A prompt missing any of these slots usually performs predictably worse. A prompt missing the Task slot doesn't work at all.


A Bad Prompt and a Good One

Side by side:

Bad: "Summarize these reviews."

Good:

Role: You are a customer insights analyst at Bean & Basket Coffee.
Task: Summarize the main complaints in the 20 reviews below.
Context: These are iOS app store reviews from May 2026, after a checkout outage on May 12.
Constraints: Separate issues into four buckets — product, service, app, pricing.
  Ignore non-English text. Flag any single review verbatim if it threatens
  regulatory action or names a specific employee.
Examples:
  [Review A] → { topic: "app", evidence: "checkout crashed", severity: 4 }
  [Review B] → { topic: "service", evidence: "rude barista", severity: 2 }
Output: JSON array of { topic, evidence_quotes, severity (1-5), suggested_action }.

Reviews:
1. ...
2. ...

Three things to notice:

  • The bad prompt asks for a task. The good prompt asks for the same task with the surrounding context filled in.
  • The good prompt is not cleverly phrased. It is exactly as long as it needs to be. The information it carries is what does the work.
  • The output format is non-negotiable. If the team will parse JSON downstream, the prompt should commit to JSON up front. §16.2 covers the structured-output mechanics that enforce this.

Phrasing Barely Matters

A specific empirical finding from the GABRIEL paper, repeated here because it changes how managers should think about effort:

Once the construct is clearly defined, the exact wording of the prompt matters very little. 100 dramatically different phrasings of the same task — from terse 32-word telegrams to 563-word Shakespearean prose — produced 0.76–0.98 correlation with the baseline prompt across attributes.

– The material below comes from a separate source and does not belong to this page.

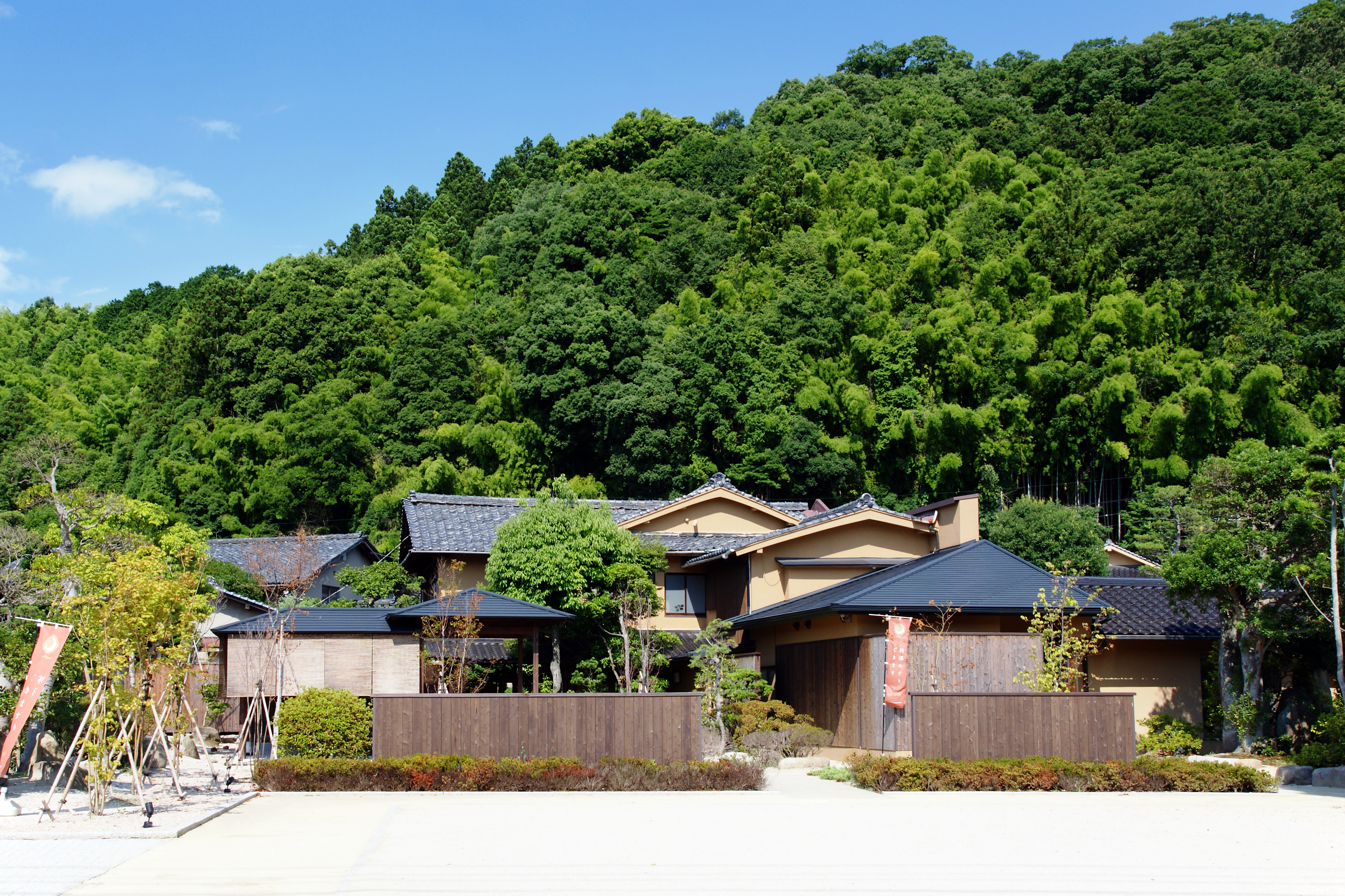 At Tamatsukuri Onsen, Matsue, Shimane prefecture, Japan

The implication for prompt engineering: stop optimizing prose; start optimizing the brief. Pour time into the questions that move the answer:

  • What is the task, exactly?
  • What is the construct, exactly?
  • What output format do downstream systems require?
  • What edge cases need flagging?

Don't pour it into choosing between "please" and "kindly," hunting for the magic emoji, or rewriting the role for the seventh time. The slot model gives a structure; the structure carries the information; the phrasing carries almost nothing.


Patterns Worth Knowing

A few prompt patterns recur in production. Briefly:

Few-shot examples. A few labelled input/output pairs in the prompt. The model uses them to infer the pattern. Especially valuable when the task is ambiguous or when the output format is unusual. Two examples is often enough; ten is rarely necessary.

Chain of thought. Asking the model to "think step by step" before answering. Boosts performance on multi-step reasoning tasks. For modern reasoning models this is built-in; for fast models it can be the difference between a wrong and a right answer on a tricky task.

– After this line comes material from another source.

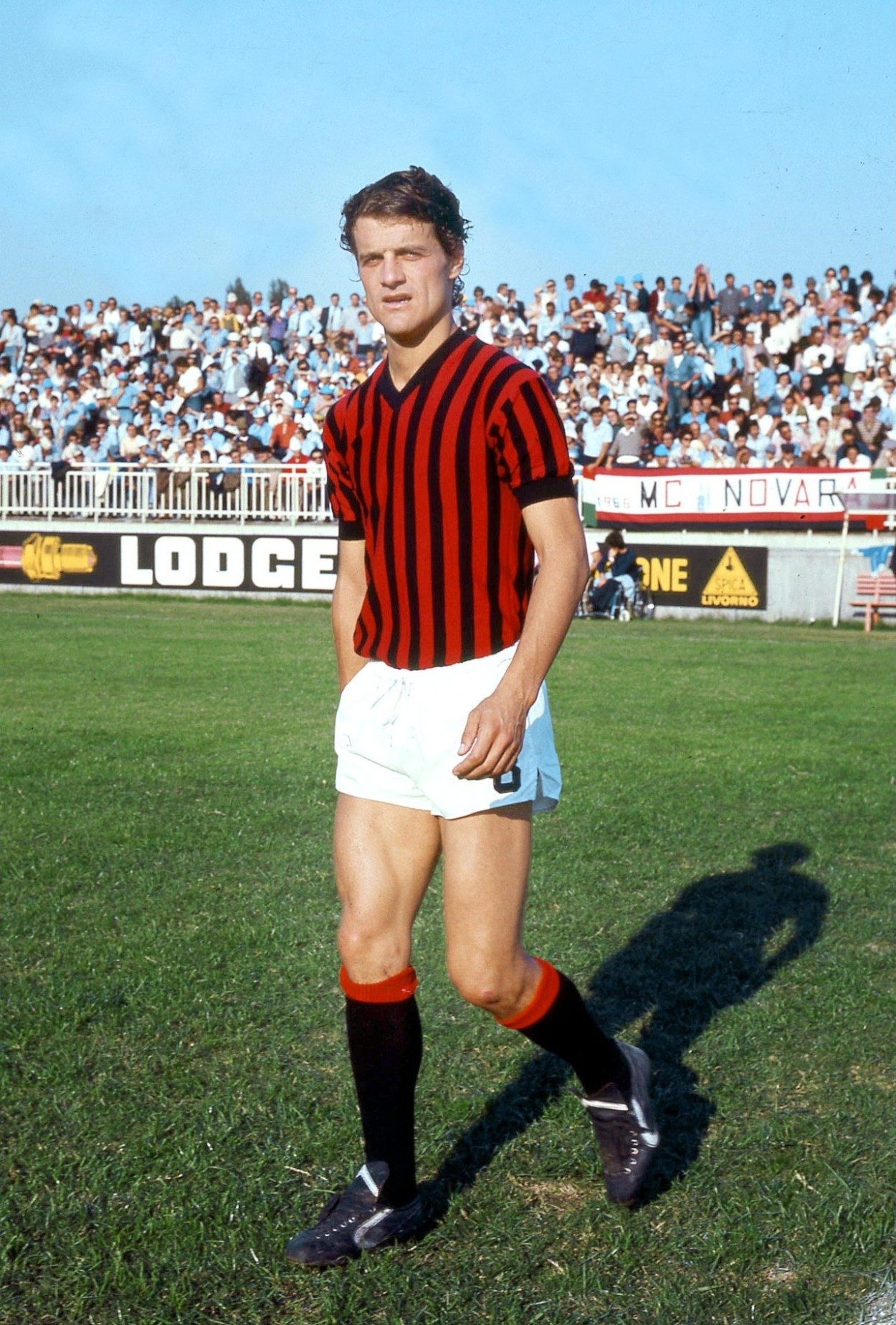 The italian footballer Fabio Capello of Milan during the 1976-77 Italian Cup match, Novara vs Milan 0-3

Role + persona. Setting the model's identity ("You are a 20-year auditor with experience in industrial accounting...") biases its tone, vocabulary, and what it treats as relevant. Effect sizes vary; useful when the task has a strong domain flavor.

System vs. user message. Most APIs distinguish system prompts (instructions from the developer) from user prompts (the actual query). Constraints, role, and output format go in the system prompt; the input data goes in the user prompt.

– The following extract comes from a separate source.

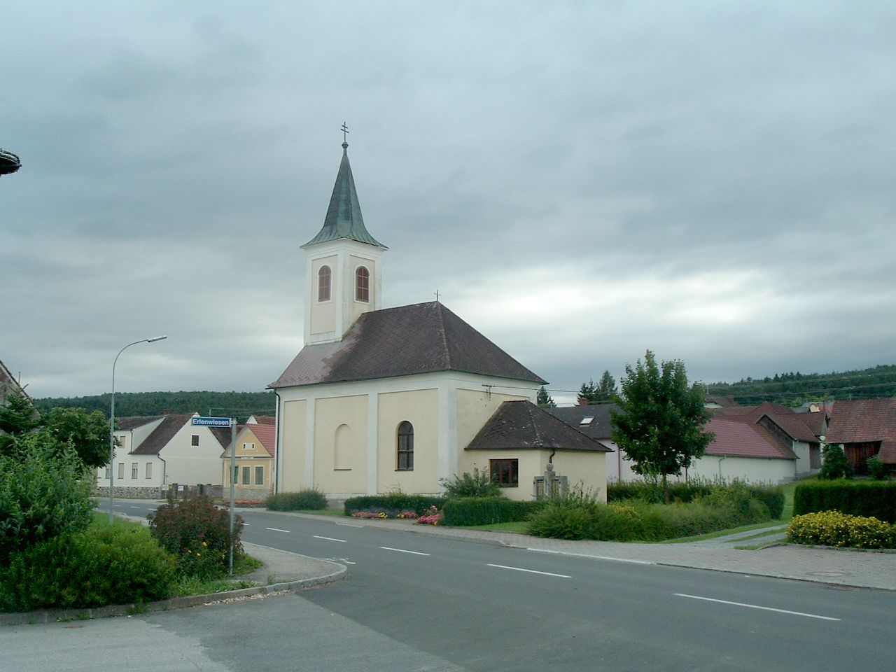 Rohrbach im Burgenland (Jobbágyújfalu)

Refusal patterns. Adding "If you cannot answer from the provided context, say 'I don't have that information.'" The single most effective hallucination-reduction trick for RAG and similar grounded systems.


Iteration: A Cheap Loop

Prompt design is fast. A team can iterate through ten variants in an hour. The right loop:

  1. Write the prompt with all six slots filled.
  2. Run on a small evaluation set (20–50 cases that cover the easy, medium, and hard cases).
  3. Read the failures.
  4. Adjust — usually the constraints or examples slot, not the task.
  5. Re-run.

After three or four iterations the prompt is usually stable. Continuing beyond that rarely pays off — and as the GABRIEL finding shows, doesn't move the needle much.